Turn a column into index.

df.set_index('columnName')

NOTE : you can create multi-indexes i.e. use > 1 column e.g. month, year etc

df.set_index(['columnName1','columnName2'])

If for some reason, the multi-index order is switched from what you want, you can swap em

df.swaplevel()

Reset index

df.reset_index()

Modify the DataFrame in place (do not create a new object)

df.reset_index(inplace=True)

Sometimes reset_index inserts index as dataframe columns. The following command resets the index to the default integer index.

df.reset_index(drop=True)

Iterate over rows


for index, row in df.iterrows():
    print(row['column1'], row['column2'])

Column operations

List datatype of each column of df

df.dtypes

Change data types (e.g. below is to change it to float)

df['ColumnName'] = df.ColumnName.astype(float)

Get column names

df.columns

To get names as list

list(df)

Subset columns by index

df.iloc[rowid,columnid] # specific row and column
df.iloc[:,columnid] # all rows of specific colum
df.iloc[:,startcolumnid:endcolumnid] # all rows, all columns starting with startcolumnid and end with endcolumnid
df.iloc[:,startcolumnid:] # all rows, all columns starting with startcolumnid

import numpy as np
df.iloc[:,np.r_[1:5,6,8,10:15]] # selecting/slicing multiple range of columns

Subset or select column names matching regex or pattern

colList = list(df)

# e.g. to select column names ending in _taxid
selected_names = [e for e in colList if e.endswith('_taxid')]

#or 
import re
selected_names = [e for e in colList if re.match(".*taxid$",e)]

Add new column

From list

df['column1'] = listName

From series
se = pd.Series(mylist)
df['new_col'] = se.values
Using subscript (grabbed with regex) from another column

df['NewColumnName'] = df['ColumnToGrepFrom'].str.extract(r'Name=(\w+)')

Conditional column operations

Create new column based on value (string or digit)

df['elderly'] = np.where(df['age']>=50, 'yes', 'no')

df['New Column'] = np.where(df.columnA.str.match(regex), "this", "that")

Create a new column, where value is equal to another column (which could change) or a common text based on condition

df['NewCol'] = np.where(df['ColToCheck'] <= 10, 'Other',df['UseThisColVal'])

df['New Column'] = np.where(df.columnA.str.match(regex), df.columnB, df.columnC)

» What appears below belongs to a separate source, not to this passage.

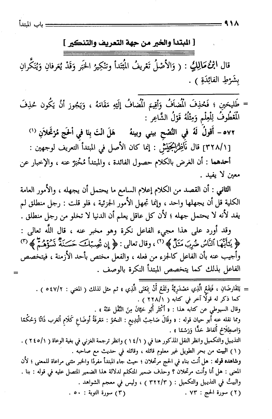 وشاهده قوله: هل أنت بناء في الحج مرتحلان؛ حيث جاء المبتدأ مفردا والخبر مثنى مراعاة للمعنى؛ لأن المعنى: هل أنا وأنت مرتحلان؟ وحذف ضمير المتكلم لدلالة هذا الضمير المتصل عليه في قوله: بنا.

Update value in another column based on value

df.loc[df['ColumnToCheck'] == 0, 'ColumnToUpdate'] = 'DesiredValue'

Column conversions

Date time format df['columnname'] = pd.to_datetime(df['columnname'])

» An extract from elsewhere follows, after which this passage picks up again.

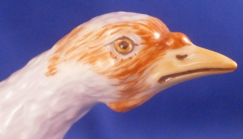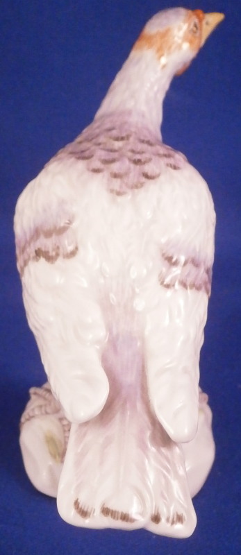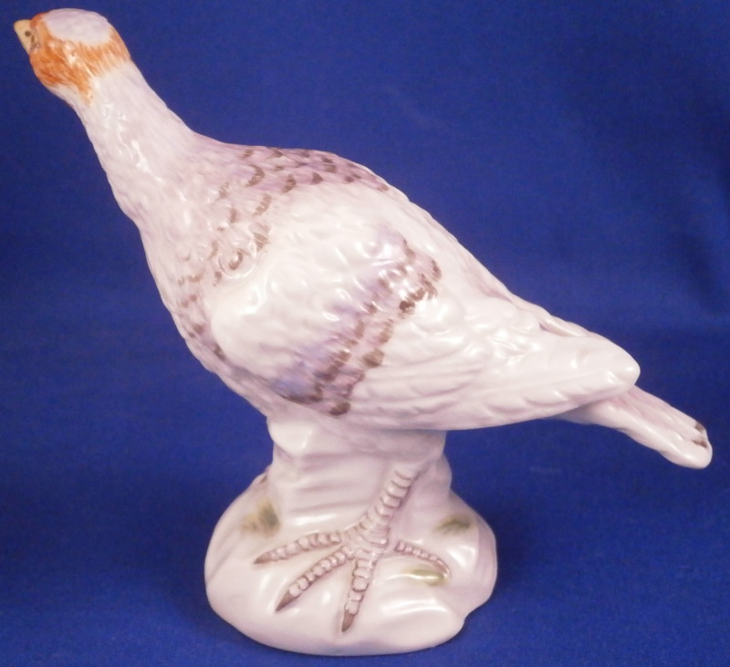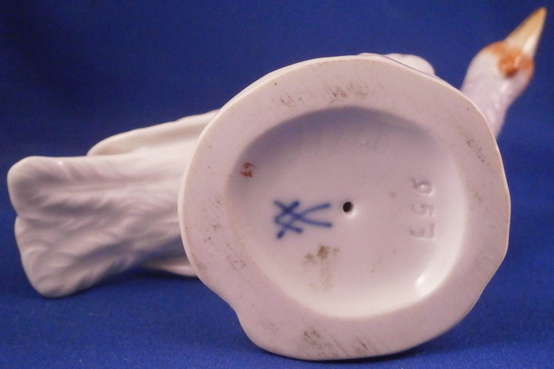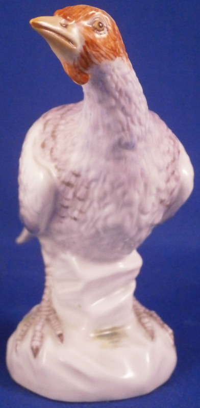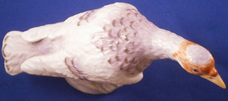 This is the rare larger version of a female turkey (aka hen ) figurine made by Meissen in the 20th century. I ahve the matching male to make a very ahrd to find perfect pair if anyone is interested in that! Nicely modeled and hand painted as one would expect from the top maker! The figure is standing on a little base painted with some grasses. The piece is hand painted painted so it can be sitting in the middle of the Thanksgiving table and look great from all angles! The piece is in perfect condition. The figure is marked underneath with the under glaze blue crossed swords mark as well as the usual impressed numbers and a painter's mark as shown. The bird is 3.375 inches tall, 1.75 inches wide and 4 inches long. Please email me for more information or other pictures.

If there are str or Nan characters in your column, the above command with error out. Use the following to convert em to NaT and proceed, unless you want to remove those rows altogether and repeat the command above

df['columnname'] = pd.to_datetime(df['columnname'], errors='coerce')

If you plan to do any row selections based on datetime columns, you could get an error Cannot compare tz-naive and tz-aware datetime-like objects. In that case, you could solve it by

df['date_col'] = pd.to_datetime(df['text_date_col']).dt.tz_convert(None)

Get list of column values

df["columnName"]

or

df.columnName

Rename columns

By name

df.rename(columns={'oldname':'newname'}, inplace=True)

By sequential order

df.columns = ['newname1', 'newname2']

Using regex

df.columns = [x.strip().replace('StringToBeReplaced','ReplaceWithThis') for x in df.columns]

Drop columns by name

newdf = df.drop(['column1', 'column2'], axis=1)

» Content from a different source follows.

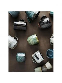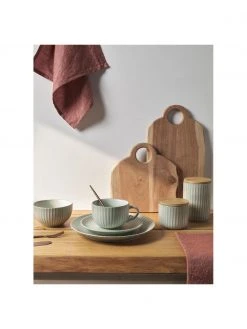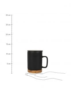 Sema Steingut-Tasse Nordika mit Deckel und Sieb, Sockel aus Akazienholz, Ø 9 x H 12 cm, 370 ml

or for in-place operations

df.drop(['column1', 'column2'], axis=1, inplace=True)

Create empty df with column names

df = pd.DataFrame(columns=['column1','column2'])

Append a string to each column value

df['col'] = 'str' + df['col'].astype(str)

Split column(s)

Based on delimiter

If there is a single delimiter or you know the number of resulting columns

df['A'], df['B'] = df['AB'].str.split(' ', 1).str

If you want it to automatically create columns (just removed the 'maximum splits' parameter)

df['AB'].str.split(' ', expand=True)

If you want to automatically split a column into multiple (adding a prefix to em, eg. splited_0, splited_1) and add to existing dataframe.

df = df.join(df['AB'].str.split(' ', expand=True).add_prefix('splited_'))

Based on content
Tuple

Source: SO

If you have a column b containing tuples (each with 2 components)

df[['b1', 'b2']] = pd.DataFrame(df['b'].tolist(), index=df.index)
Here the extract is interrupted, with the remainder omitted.